With garlands of critical praise now wreathing Alecky Blythe and Adam Cork’s flower-drenched documentary musical, it’s a measure of how genuinely ground-breaking it is that ‘London Road’ remains a hard sell on paper.
A journey through four years in the life of the street in Ipswich where Suffolk Strangler Steve Wright lived, the book and lyrics are derived from interviews conducted with the residents of London Road. (Verbatim is Blythe’s modus operandi – she wrote a residents’-eye view of a Hackney gunman in 2003.)
Beginning with a Neighbourhood Watch meeting, ending with the second annual London Road in Bloom competition and directed with low-key sparseness by Rufus Norris, this is as far away from chorus lines and jazz hands as it gets.
Three things make ‘London Road’ extraordinary. First are Cork’s verbatim songs. If you can make something with the chorus ‘Everyone is very, very nervous and unsure of everything, basically’ sound both beautiful but also true to the original sentiment – and Cork does – then that is raw humanity captured in music.

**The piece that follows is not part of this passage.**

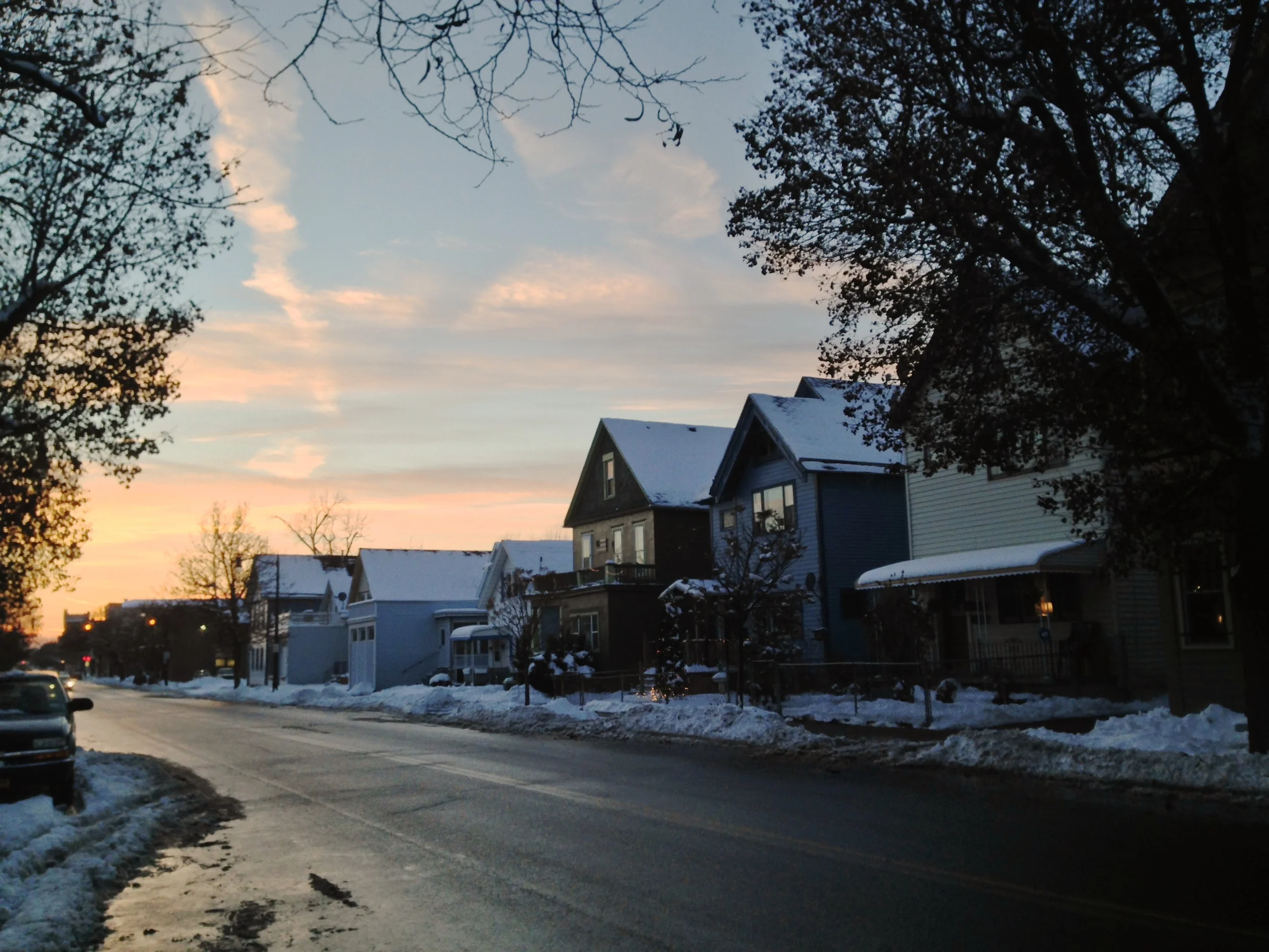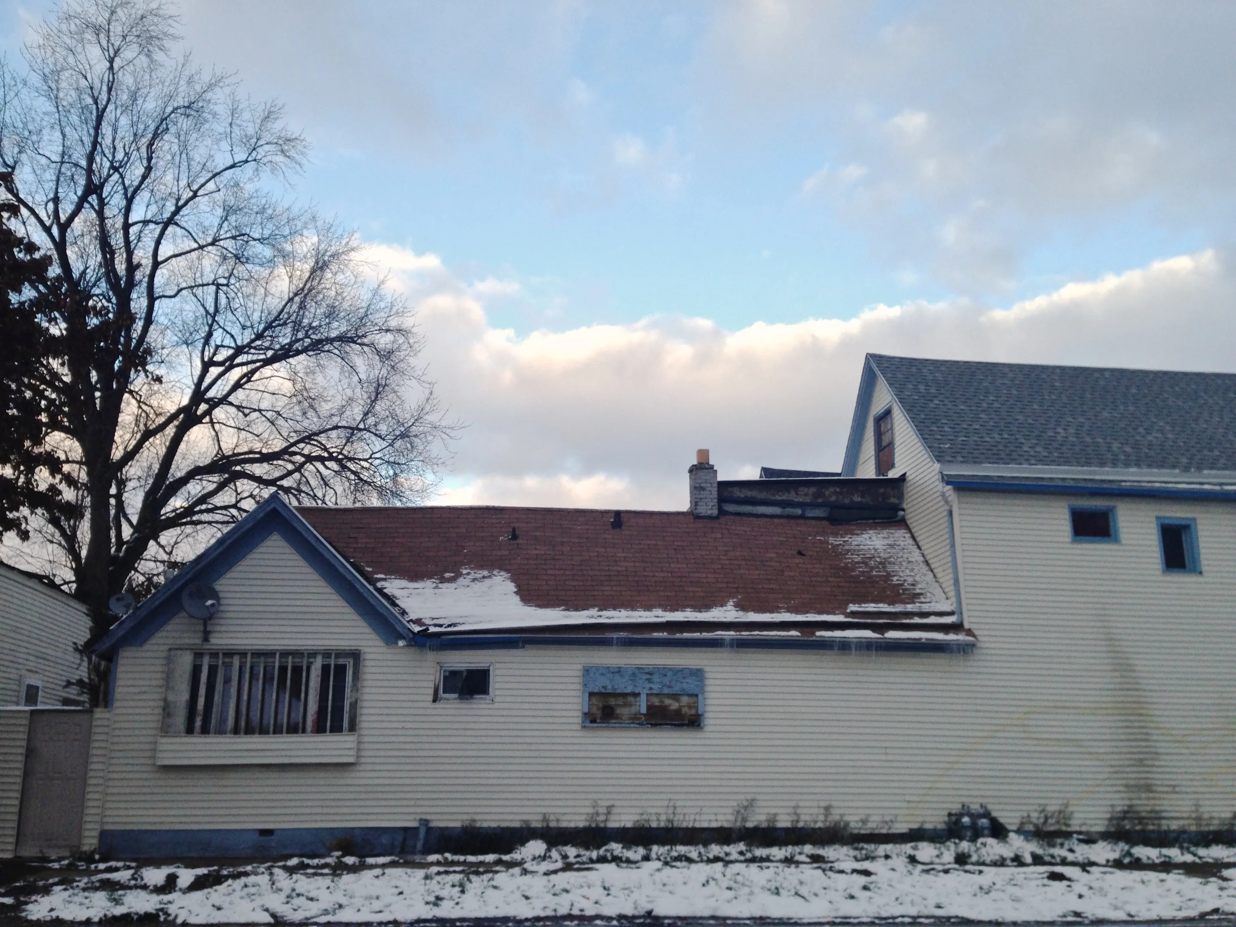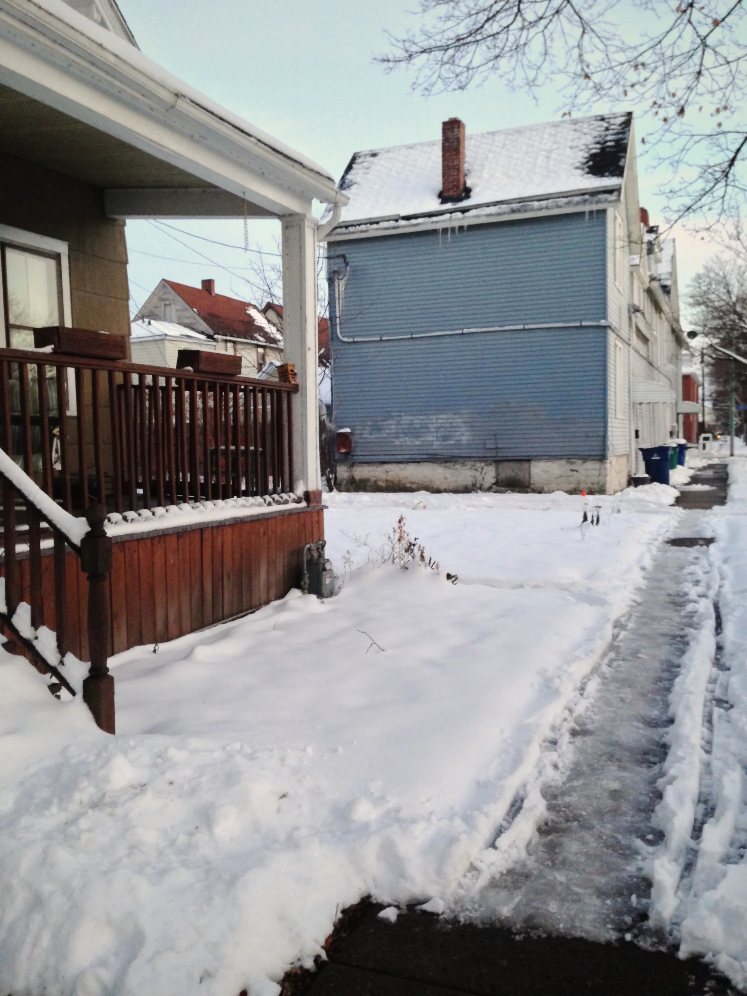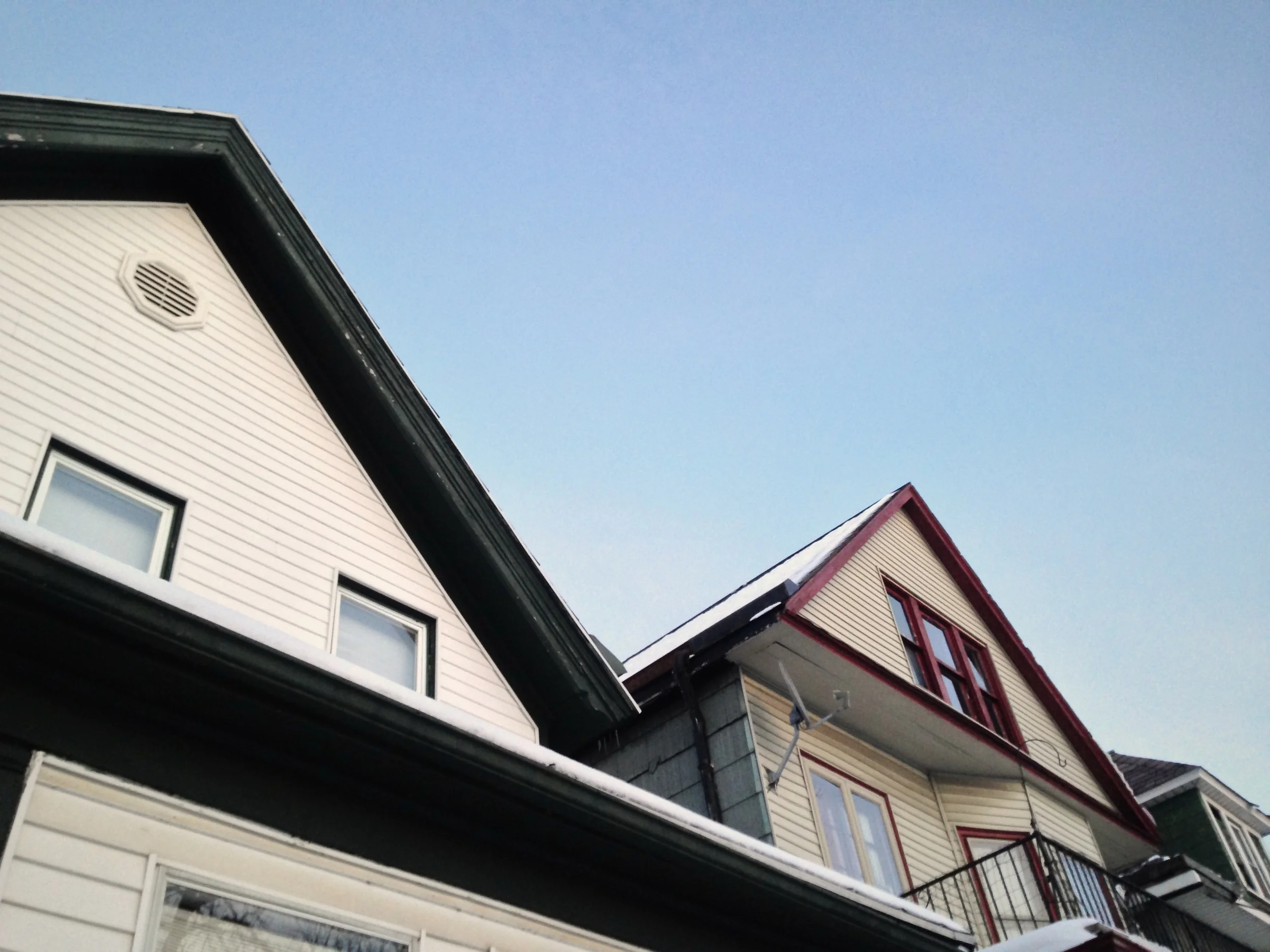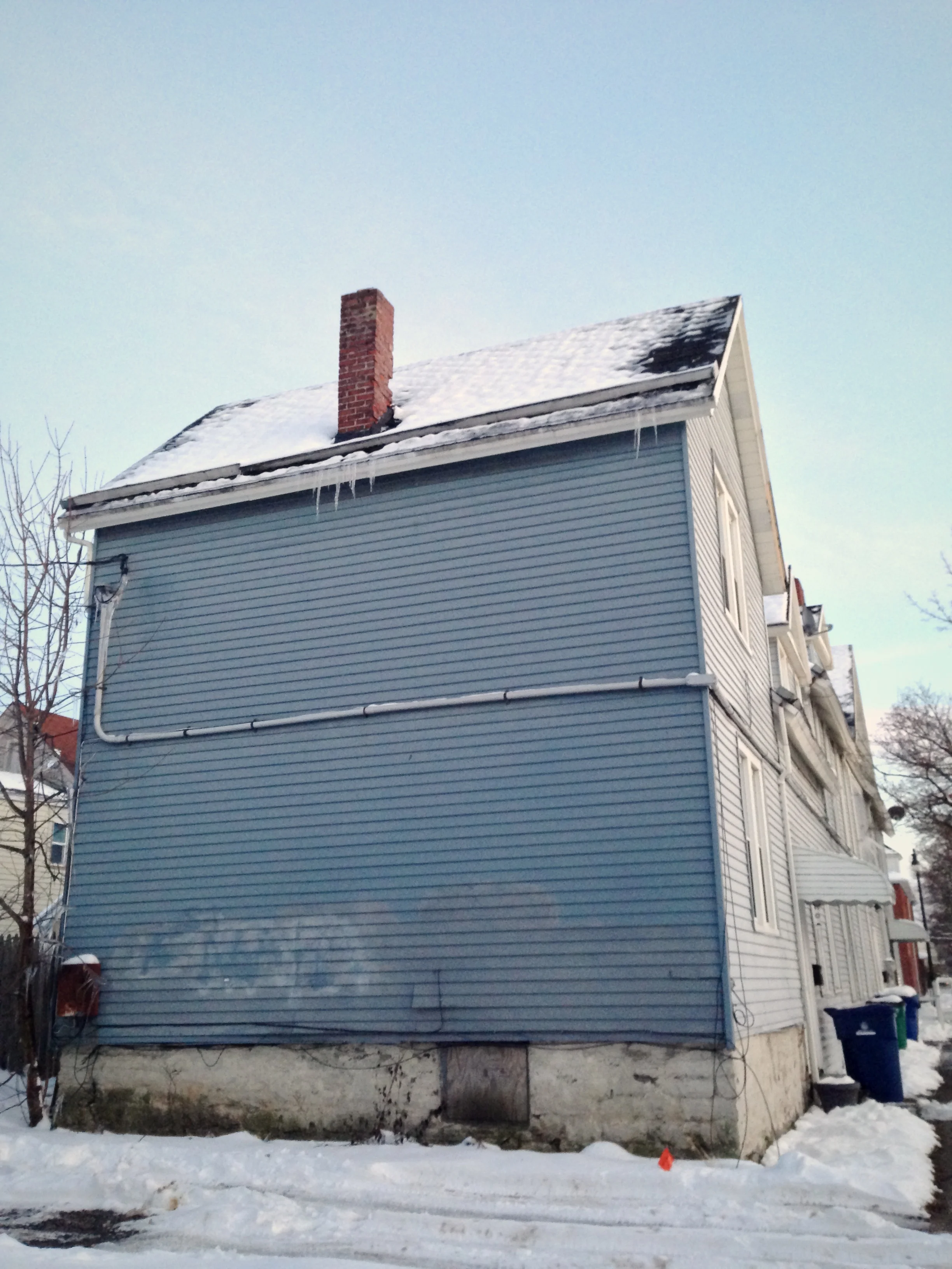Ahead, the blue one, with the tall attic window...

Second is the outstanding ensemble: unlike previous Blythe productions, where actors parrot the recorded voices which they hear via headphones, here Cork’s manipulation of words means the cast have had to learn every intonation, sung and spoken, by heart. This they do flawlessly, conjuring a vivid, bustling world.
But the real brilliance of Blythe and Cork’s musical is its troubling portrayal of community as an entity. Individually, the 11 central characters and 52 additional interviewees channelled by the cast are a diverse bunch – some witty, some slow, some placid, some mischievous, some likeable, some bigoted.
But as a community unit, bound by song, they take on a childlike simplicity, melodiously repeating opinions and turns of phrase over and over again like animals in a herd. And a herd is neither good nor evil, but wants what’s best for the herd.
What seems to be argued over the course of ‘London Road’ is that, as a unit, the community did not care for the prostitutes and that, ultimately, the killings improved their lives.
The working girls are excluded from the community song, something underscored by the devastating moment where the score stops and three prostitutes simply stare out at us in silence, abandoned. And as the community celebrates in the closing minutes, a recording of scared sex workers plays out, unheeded by the revellers in their scrubbed up, flower-filled Eden.
Blythe has been here before with her verbatim dramas, but this is something very new for the musical form, a powerful, beautiful and unsettling articulation of the ambivalence that underpins all communities. Wright may be gone and the streets may be clean, but a chill lingers in the air.